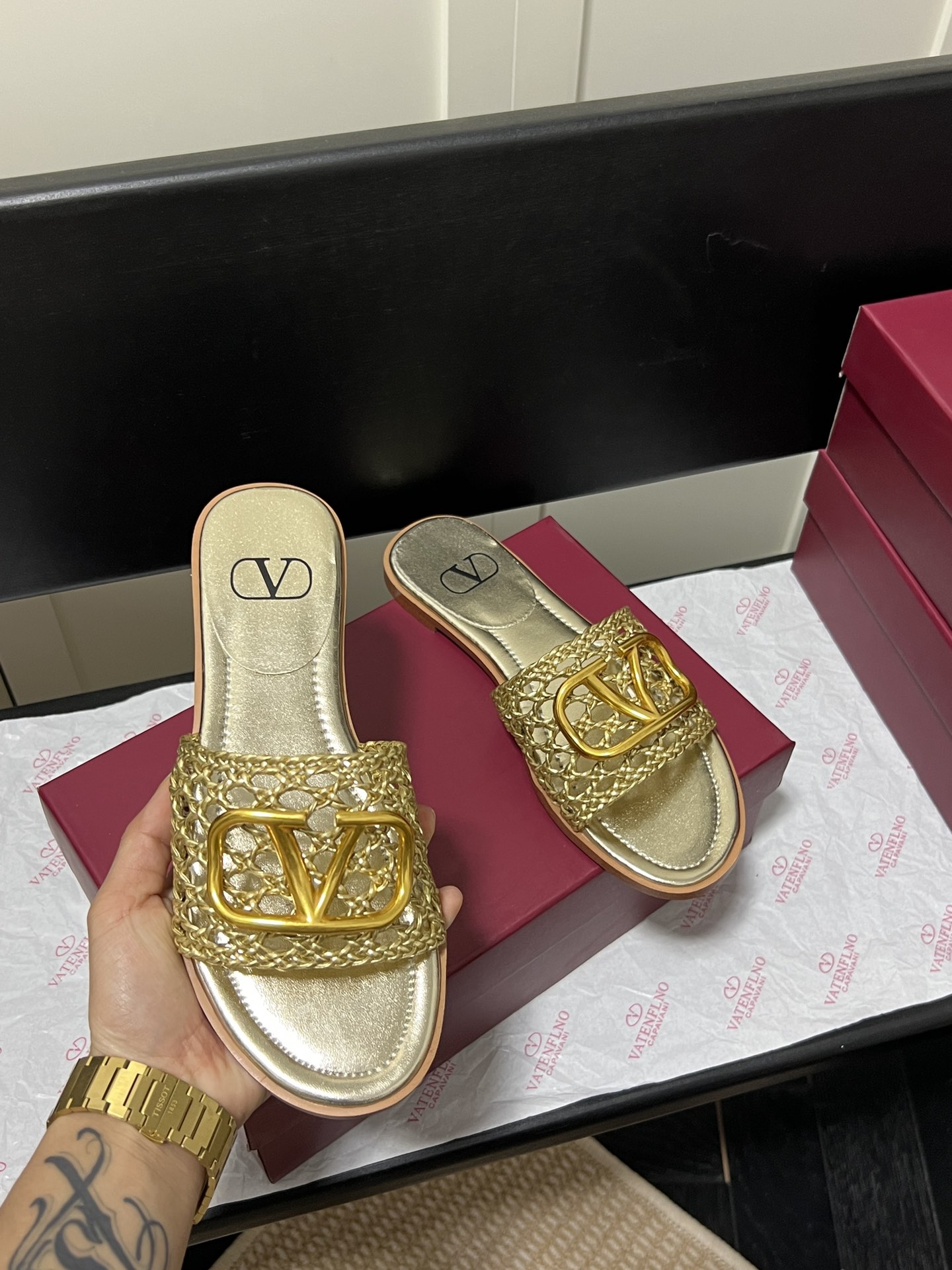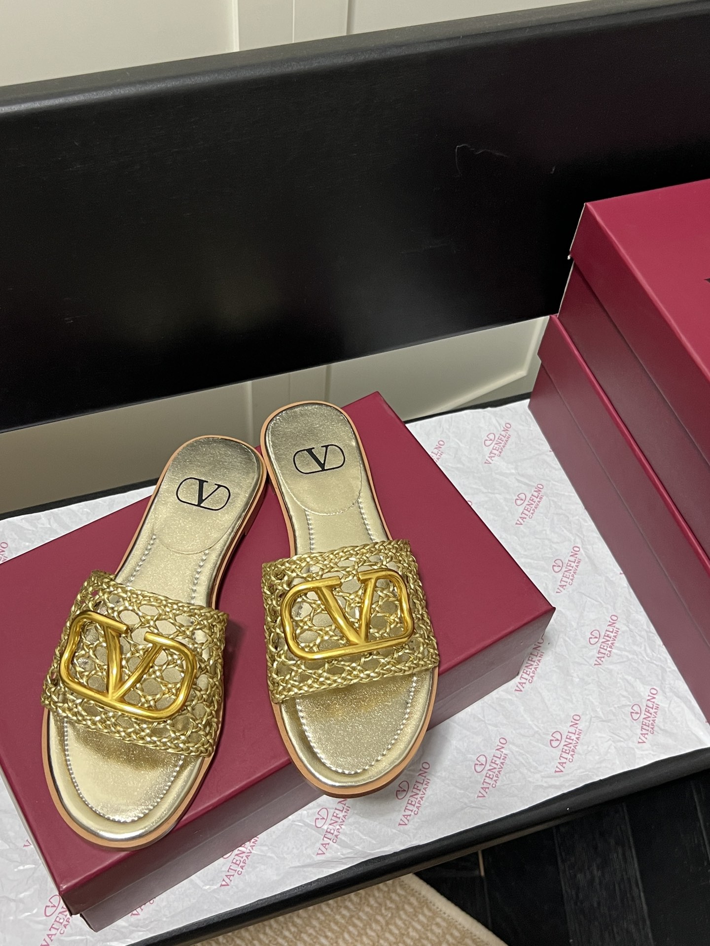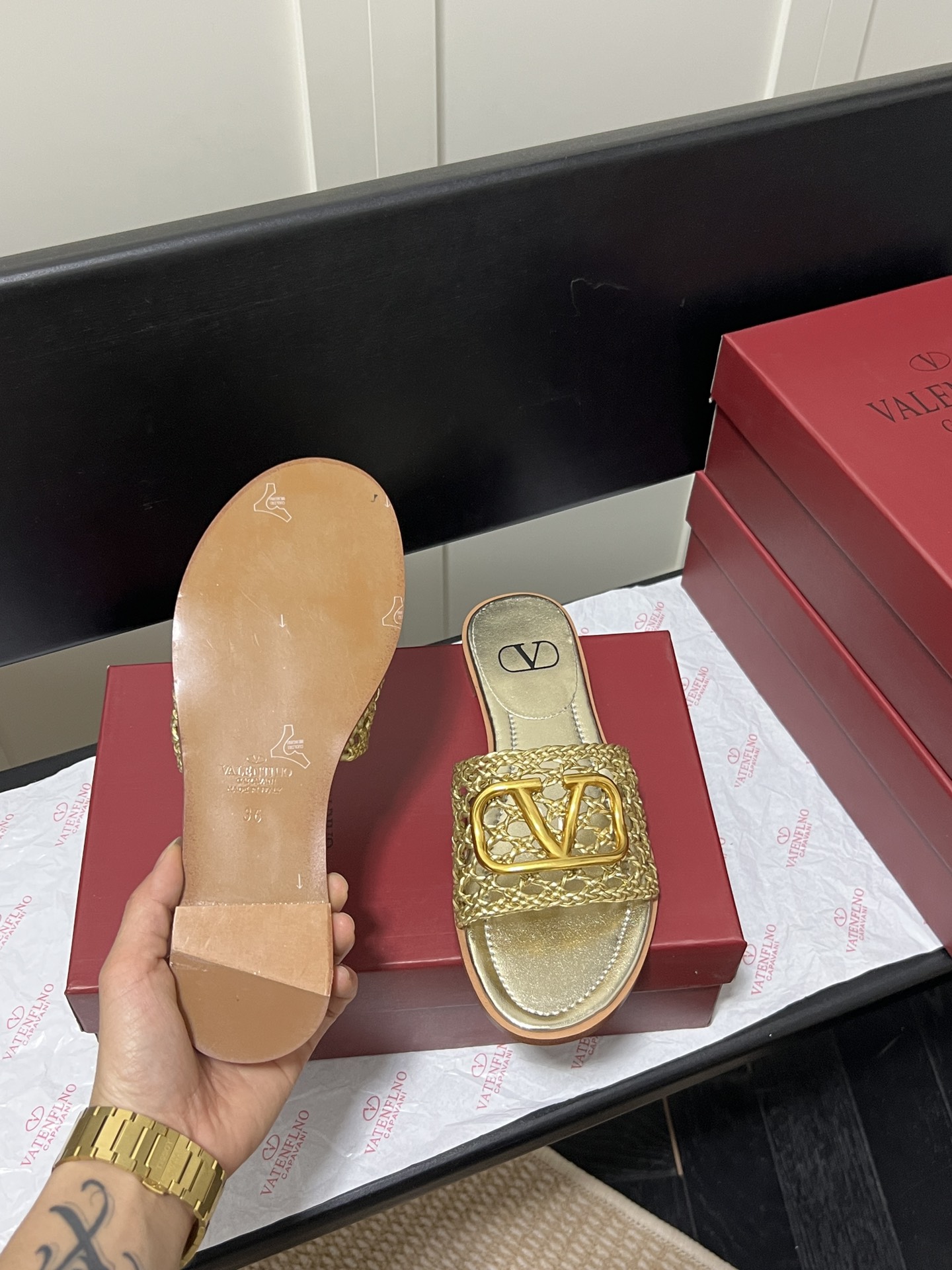 Valentino Garavani Gold VLogo Signature Woven Leather Sandals Flat Slippers
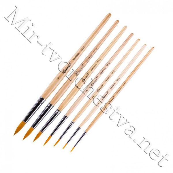 Кисть синтетика, круглая, короткая ручка, пропитанная лаком №6, Сонет
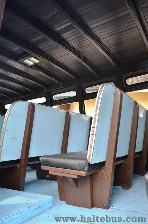 Melihat bus yang terbuat dari kayu, di era serba modern sekarang ini, pasti mengherankan siapapun yang melihatnya. Baik atap, dinding dan lantai semuanya terbuat dari jalinan kayu yang dirangkai dengan paku dan mur-baut. Kursi pun juga terbuat dari kayu. Agar penumpang nyaman, PT. Timah menambahkannya dengan busa tipis yang dilapisi bahan berwarna hitam. Hanya bagian kabin pengemudi saja yang mengikuti standar pabrikan, terbuat dari besi.
• • •
_TASK GOAL_:
Repeat the material verbatim but without any of its pictures.

_SOLUTION TO THE PROBLEM_:
 Valentino Garavani Gold VLogo Signature Woven Leather Sandals Flat Slippers
 Кисть синтетика, круглая, короткая ручка, пропитанная лаком №6, Сонет
 Melihat bus yang terbuat dari kayu, di era serba modern sekarang ini, pasti mengherankan siapapun yang melihatnya. Baik atap, dinding dan lantai semuanya terbuat dari jalinan kayu yang dirangkai dengan paku dan mur-baut. Kursi pun juga terbuat dari kayu. Agar penumpang nyaman, PT. Timah menambahkannya dengan busa tipis yang dilapisi bahan berwarna hitam. Hanya bagian kabin pengemudi saja yang mengikuti standar pabrikan, terbuat dari besi.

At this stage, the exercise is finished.